Dec 27 (Reuters) - The new year may bring pivotal
developments in a series of copyright lawsuits that could shape
the future business of artificial intelligence.
The lawsuits from authors, news outlets, visual artists,
musicians and other copyright owners accuse OpenAI, Anthropic,
Meta Platforms ( META ) and other technology companies of using
their work to train chatbots and other AI-based content
generators without permission or payment.
Courts will likely begin hearing arguments starting next
year on whether the defendants' copying amounts to "fair use,"
which could be the AI copyright war's defining legal question.
Tech companies have argued that their AI systems make fair
use of copyrighted material by studying it to learn to create
new, transformative content. Copyright owners counter that the
companies unlawfully copy their works to generate rival content
that threatens their livelihoods.
OpenAI, Meta, Silicon Valley investment firm Andreessen
Horowitz and others warn that being forced to pay copyright
holders for their content could cripple the burgeoning U.S. AI
industry. Some content owners began voluntarily licensing their
material to tech companies this year, including Reddit, News
Corp ( NWSA ) and the Financial Times.
Reuters licensed its articles to Meta in October.
Other copyright holders, such as major record labels, the
New York Times ( NYT ) and several best-selling authors continued to
press their claims or filed new lawsuits in 2024.
AI companies could escape U.S. copyright liability
completely if the courts agree with them on the fair use
question. Judges hearing the cases in different jurisdictions
could reach conflicting conclusions on fair use and other
issues, and multiple rounds of appeals are likely.
An ongoing dispute between Thomson Reuters and former legal
research competitor Ross Intelligence could provide an early
indication of how judges will treat fair use arguments.
Thomson Reuters - the parent company of Reuters News -
alleged that Ross misused copyrighted material from its legal
research platform Westlaw to build an AI-powered legal search
engine. Ross denied wrongdoing, invoking fair use.
U.S. Circuit Judge Stephanos Bibas said last year that he
could not decide before a jury trial whether Ross made fair use
of the content. But Bibas canceled the scheduled trial and heard
new fair use arguments in November, which could lead to a new
ruling on the issue next year.
Another early fair use indicator could come in a dispute
between music publishers and Anthropic over the use of their
song lyrics to train its chatbot Claude. U.S. District Judge
Jacqueline Corley is considering fair use as part of the
publishers' request for a preliminary injunction against the
company. Corley held oral arguments over the proposed injunction
last month.
In November, U.S. District Judge Colleen McMahon in New York
dismissed a case from news outlets Raw Story and AlterNet
against OpenAI, finding that they failed to show they were
injured by OpenAI's alleged copyright violations.

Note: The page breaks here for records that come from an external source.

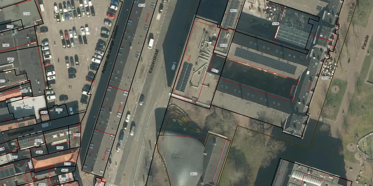 Het perceel waarop Keizerstraat 73 staat heeft een oppervlakte van 876 m². Dit is een groot perceel. De perceeloppervlakte wordt geregistreerd door het Kadaster. Gedetailleerde informatie over de maten van dit perceel kunt u vinden in het rapport Kadastrale kaart met maatvoering van Keizerstraat 73.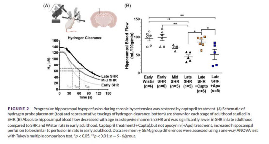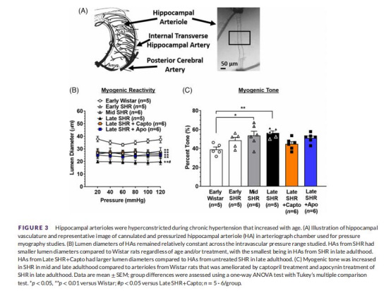 關(guān)鍵機(jī)制:血管緊張素II信號(hào)通路是核心驅(qū)動(dòng)因素——ACE抑制劑卡托普利(captopril)恢復(fù)海馬血流、改善血管功能并挽救記憶,而抗氧化劑阿魏酸(apocynin)無(wú)效。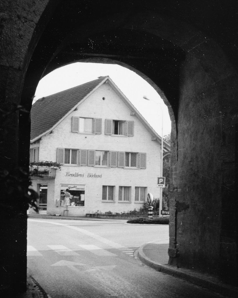 Blick durchs Lenzburgertor auf die Bäckerei Graber --> 1947 - 1972 an der Birrfeldstrasse 1.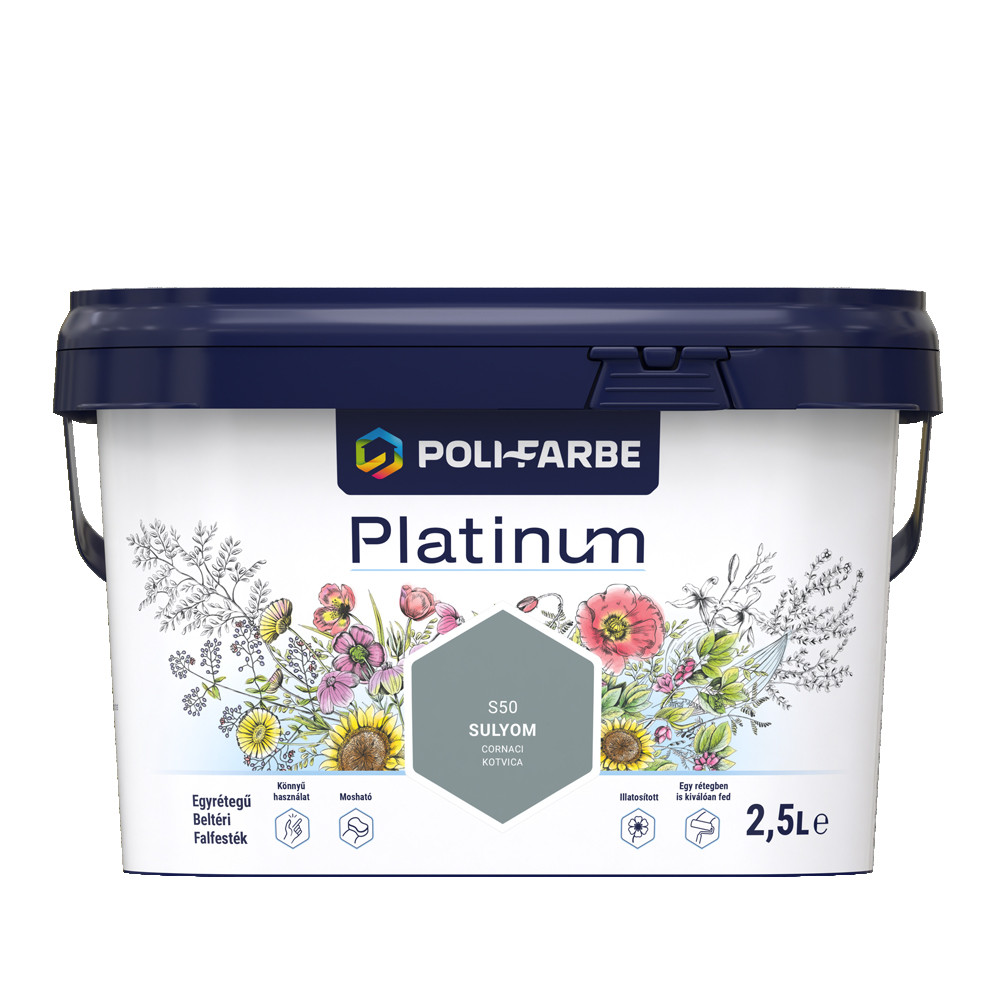 Poli-Farbe Platinum S50 egyrétegű beltéri falfesték - sulyom - 2,5 l részletes leírása

The outlets' cases differ from most of the other lawsuits
because they accused OpenAI of illegally removing copyright
management information from their articles instead of directly
infringing their copyrights. But other cases could also end
without a determination on fair use if judges decide that
copyright owners were unharmed by the use of their work in AI
training.
(Reporting by Blake Brittain in Washington)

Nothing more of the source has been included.